Artists who were born into a Cuba ruled by Fidel Castro have been playing in the United States for about 20 years, whether traveling here on tour, or relocating to Miami and other cities. But they’ve had a lot of trouble breaking into the U.S. market. Do you think that it really took having a person like Enrique Iglesias to say, 'They are Cuban but I don’t care, we’re going to do a song together?'


I think that the political situation between the United States and Cuba [has had an impact on music] because there have been so many people exiled from Cuba in the United States.

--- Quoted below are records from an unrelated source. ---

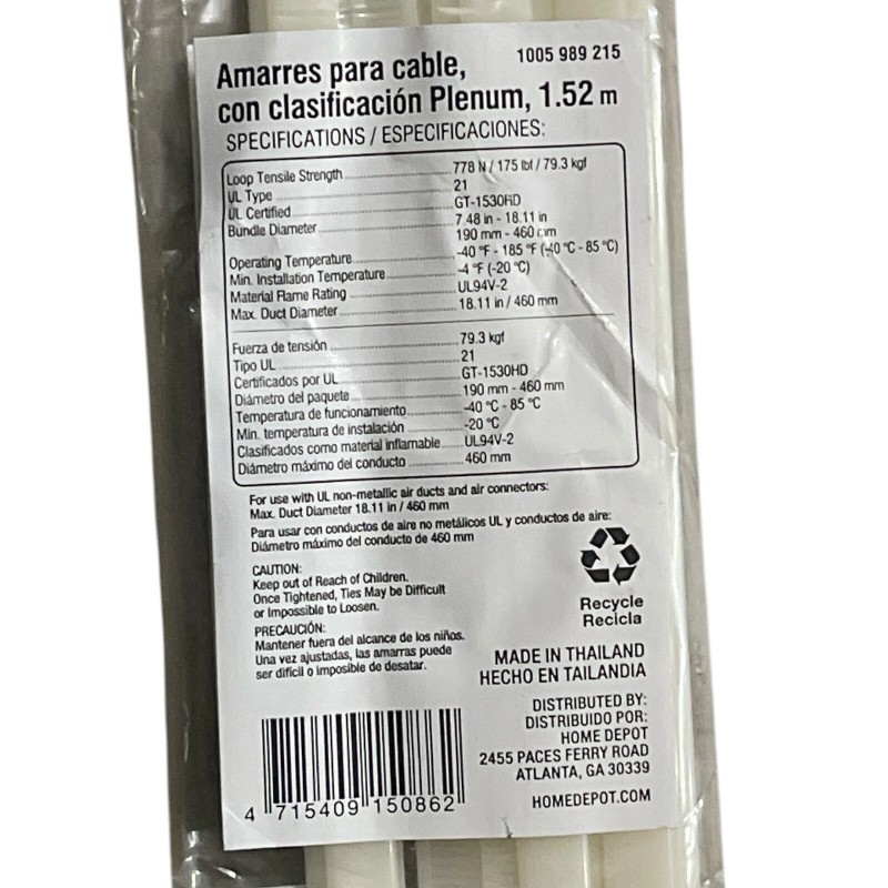 The Commercial Electric 15 Pack 60” Heavy Duty Nylon Cable Ties are ideal for organizing cables and wires in your home or office. These cable ties have a tensile strength of 175 lbs, making them suitable for heavy-duty applications. They come in a pack of 15, and each tie is 60 inches in length.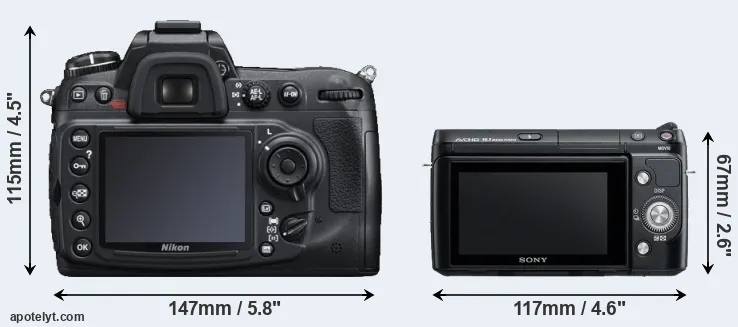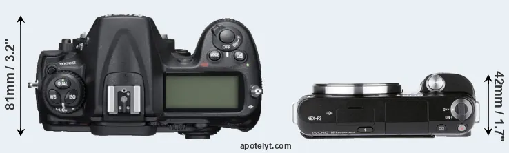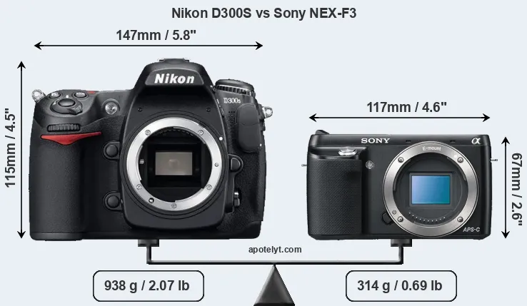 An illustration of the physical size and weight of the Nikon D300S and the Sony NEX-F3 is provided in the side-by-side display below. The two cameras are presented according to their relative size. Three successive views from the front, the top, and the rear are shown. All width, height and depth dimensions are rounded to the nearest millimeter.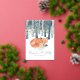 Création aquarelle d'hiver peinte à la main par Shelby Allison représentant un petit renard orange dormant dans une forêt enneigée. Personnalisez ce design avec votre texte au recto et au verso de la carte avec une photo facultative au verso.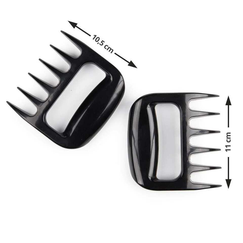 De klauwen kunnen ook worden gebruikt als vleeshouder, want ze zijn ideaal voor het snijden van grotere stukken vlees of als draaggereedschap zodat je je niet verbrandt. De set is gemaakt van hoogwaardig en duurzaam kunststof, bestand tegen stoten en beschadigingen. De ruimte in het knokkelgedeelte zorgt voor een comfortabele en goede grip. Het kleine formaat maakt de set ideaal voor picknicks of kamperen. Na gebruik kunt de vleesklauw gemakkelijk reinigen, ook geschikt voor de vaatwasser.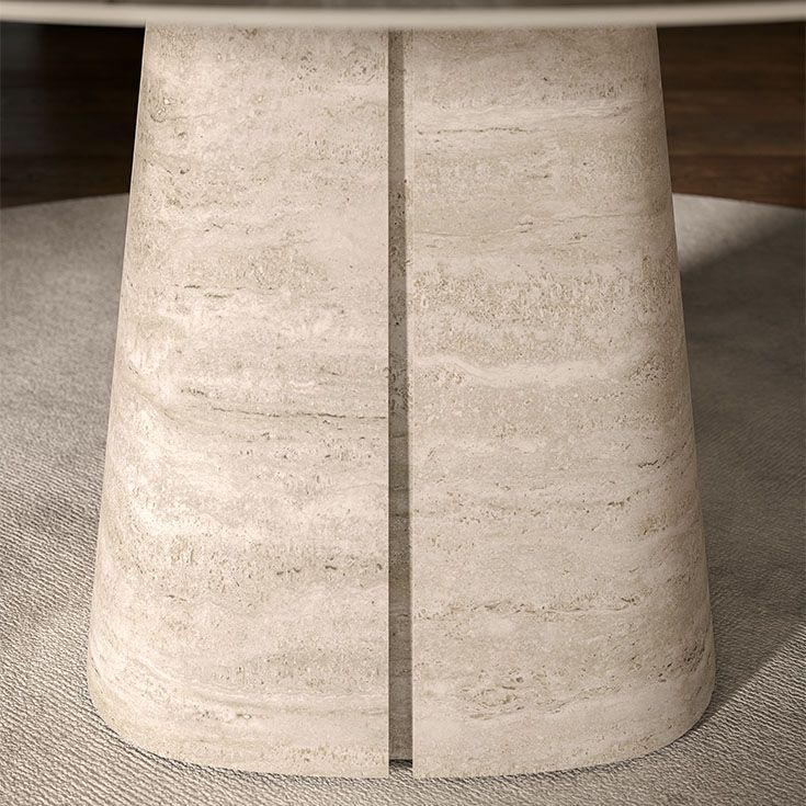 Столы с центральным основанием Rado соединены двумя идеально симметричными ступицами. На короткой стороне цоколя заметна одна деталь: углубленный вертикальный паз, покрытый керамикой, который нарушает однородную поверхность. В результате получился современный керамический стол, воплощающий новую современную эстетику, сочетающий классическую отделку, вдохновленную натуральным мрамором, с ранее невиданными технологиями производства.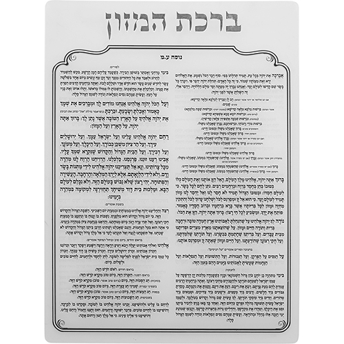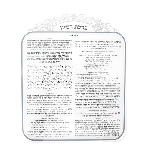 ברכת המזון מאקריליק נוסח ספרדי עיטור כסף 25X20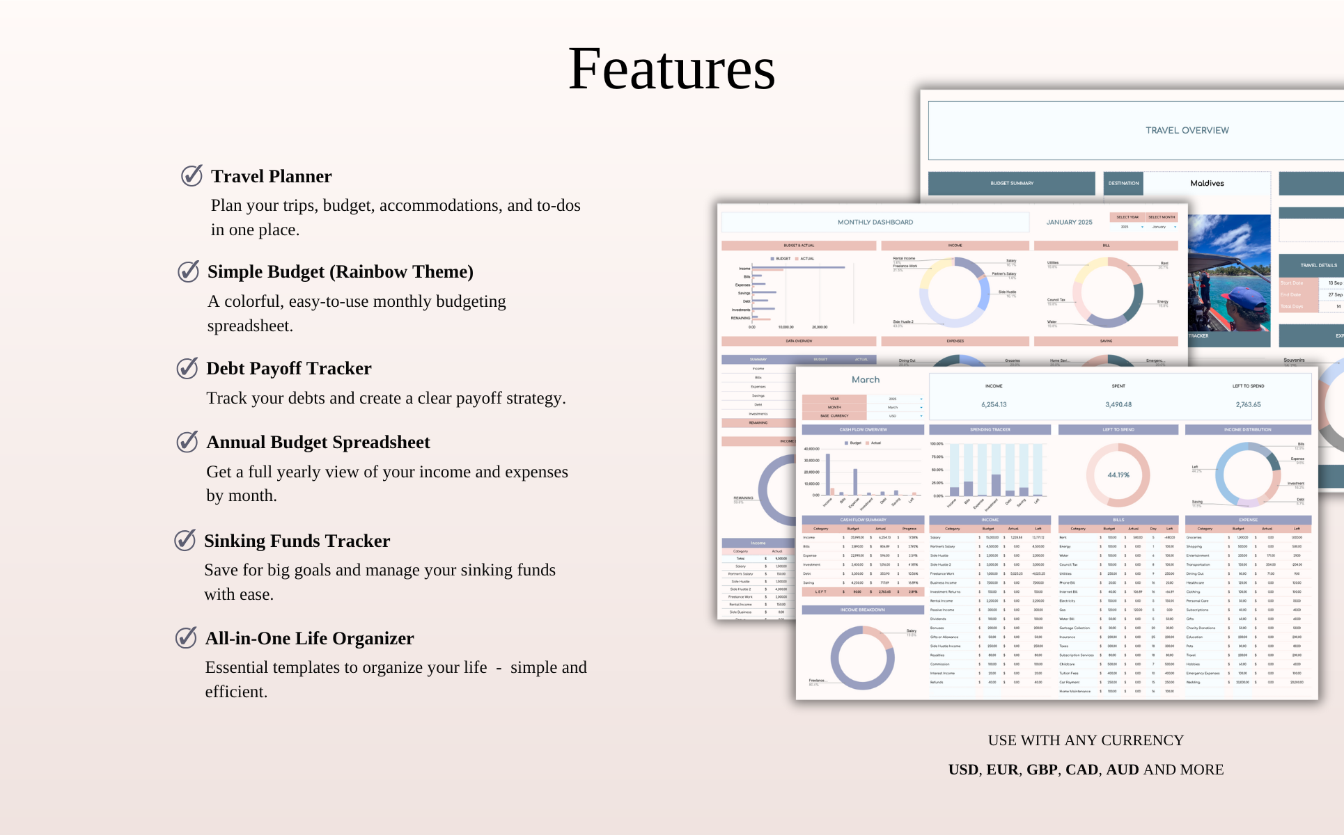 Bring order to your finances, travel plans, and personal goals with the Life Organizer Bundle — a thoughtfully designed set of 5 smart spreadsheets to help you stay on top of everything that matters. From budgeting and saving to planning your next big trip, this bundle helps you live with more clarity and confidence.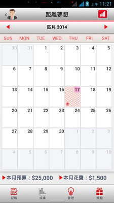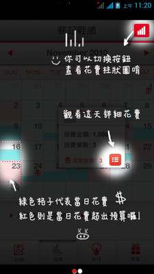 只要有支出立即输入金额就能快速记录,在画面上也会直接显示「本日预算」、「本日花费」以及用大大的数字显示「本日可用余额」来提醒你,多少让你有些警剔,每天的记录可用「月历」的方式呈现,当日若有超支的情况会用「红色」标示,一眼能明白这个月你有几天是失控的,下个月就请好好收敛收敛。而仍喜欢用图表来看自己的花费状况的话,也可切换为简单的柱状图模式,适合给有不同需求的使用者查看。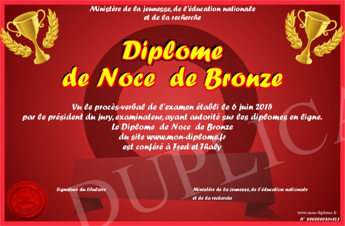 Envoyez par email votre Diplôme de Noce de Bronze personalisé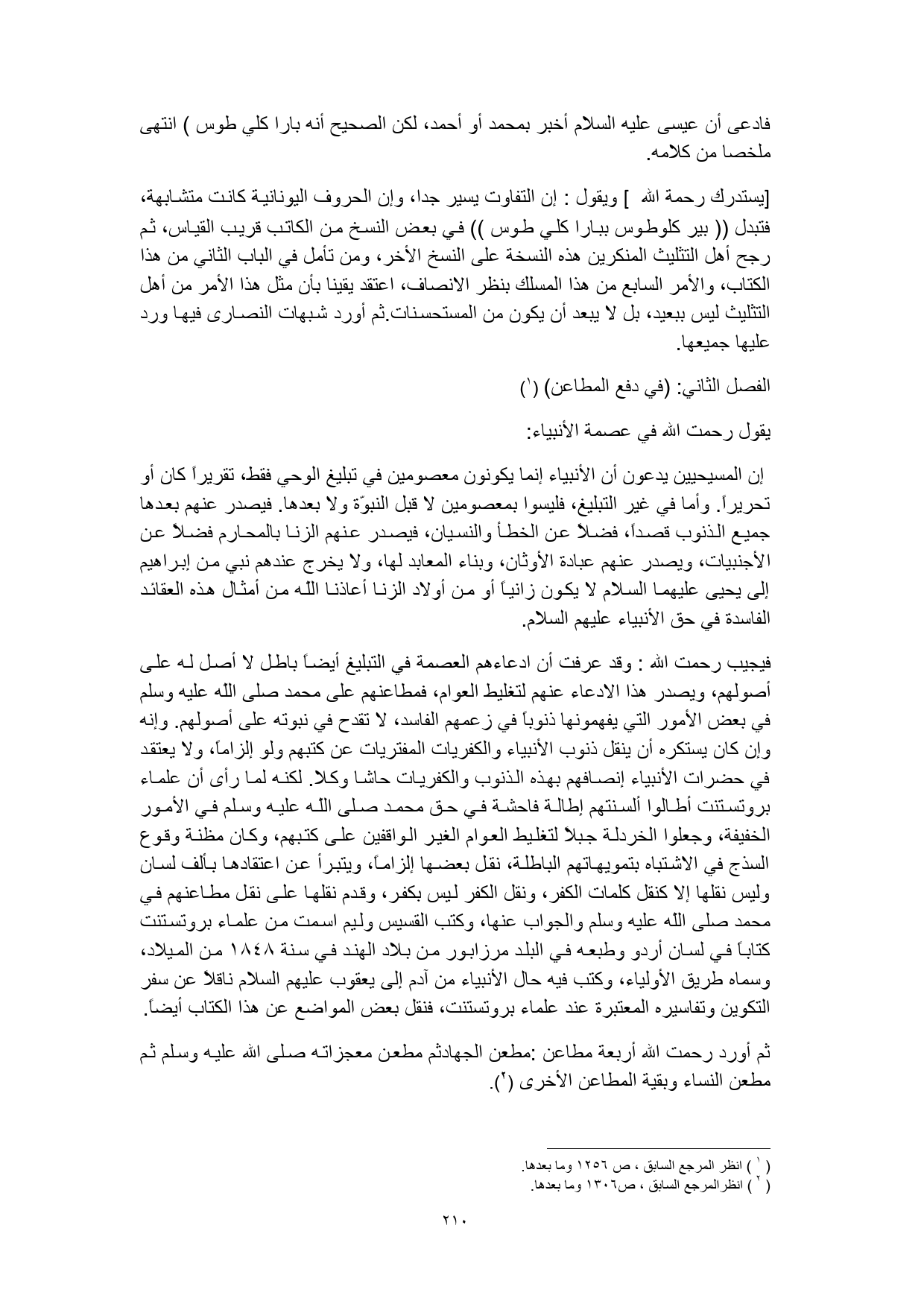 [يستدرك رحمة الله] ويقول: إن التفاوت يسير جدا، وإن الحروف اليونانية كانت متشابهة، فتبدل ((بير كلوطوس ببارا كلي طوس)) في بعض النسخ من الكاتب قريب القياس، ثم رجح أهل التثليث المنكرين هذه النسخة على النسخ الأخر، ومن تأمل في الباب الثاني من هذا الكتاب، والأمر السابع من هذا المسلك بنظر الانصاف، اعتقد يقينا بأن مثل هذا الأمر من أهل التثليث ليس ببعيد، بل لا يبعد أن يكون من المستحسنات. ثم أورد شبهات النصارى فيها ورد عليها جميعها.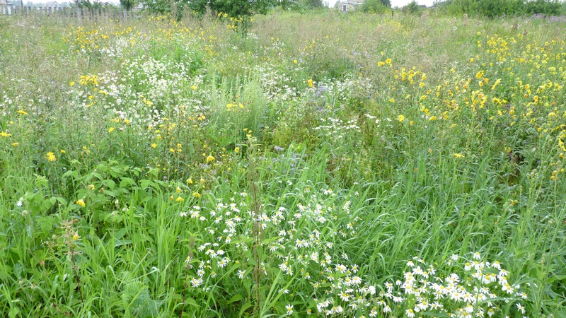 Нынче нас удивила еще одна картина. Часть участка, на котором в прошлые годы росли сидераты, в этом году осталось ничем не засажена. Вместо буйных сорняков она зацвела полевыми цветами, в то время когда соседский участок зарос одним пыреем.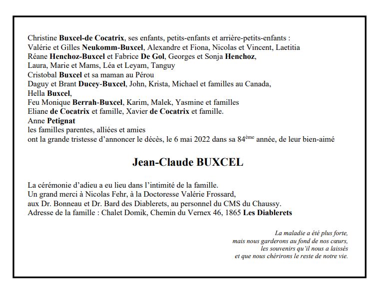 Jean-Claude BUXCEL 13 nov. 1938 - 06 mai. 2022 Avis mortuaire PFG Télecharger PDF Partager sur: Galerie PreviousNext PreviousNext
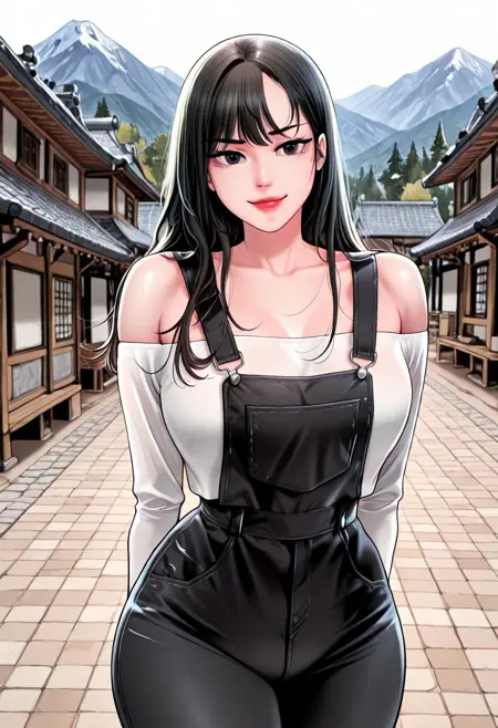 7. ((露肩长袖白色上衣,短腿黑色牛仔背带裤,)) 黑色袜子,

I don’t know a lot about that, because I was born into a generation that always had that barrier up between Cuba and the U.S. And I think it’s something that always kept Cuban music out of the global music circuit.

It´s well known that in Cuba there are great musicians who have come to the U.S. to play, and they’ve played in Europe, but no one has ever broken that myth before that an artist who lives in Cuba can´t get to the top of the charts or have the opportunity to collaborate with an artist on the level of Enrique Iglesias, Marc Anthony or Pitbull.

We´ve shown that it is possible to walk the red carpet, to perform on the most important awards shows, and that it doesn’t have to be seen as some kind of political statement. We´re happy to be taking Cuban music to places where it always existed, but it wasn´t recognized by people who weren´t able to see that we are quality musicians from Cuba and we are capable of achieving all of this.

So does everyone want to work with Gente de Zona now?

Yes (laughs).

Well, it’s not that exactly, but I do receive proposals daily from a lot of artists who want to work with us.

I’m not going to stop doing collaborations. [But] I want people to get to know Gente de Zona solo. That’s what we are going to do with this album.

Are you already working on the album?

We’re starting to work on the album this month. We have everything laid out, what we are going to do, and how we are going to do it. The idea is for people to hear what Gente de Zona is capable of on our own.

You’re the first artists signed to Marc Anthony’s new entertainment company, Magnus. What does that mean in terms of production. Who will be playing on the album?

Marc will be overseeing the album. I always play with my band, we’ve been working together for 15 years. They’re the musicians who come with me from Cuba, and they are the ones who always record with me and play with me live.

Do you still live in Cuba?

I live in Havana. Well, I’m practically never in my house in Havana these days. Lately I’m going Havana-Miami, Miami-Havana. Maintaining those connections.

How has your life changed in the last year?

My life has changed incredibly – but what doesn’t change is my humility, my personality, I still have the same friends in my neighborhood, the same relationship with my family.

Have you bought anything big?

No! I’ m just keeping a low profile, it’s chill. I’ve just improved things for my family a bit and for my friends,

I just want to represent the Cuban people, and give the best of me.

Marc Anthony is known to be a big Cuban music fan, but his scenes for “La Gozadera” video were show in the Dominican Republic. He still hasn’t gone to Cuba?

Marc Anthony hasn’t gone to Cuba yet, but he will. Everyone will.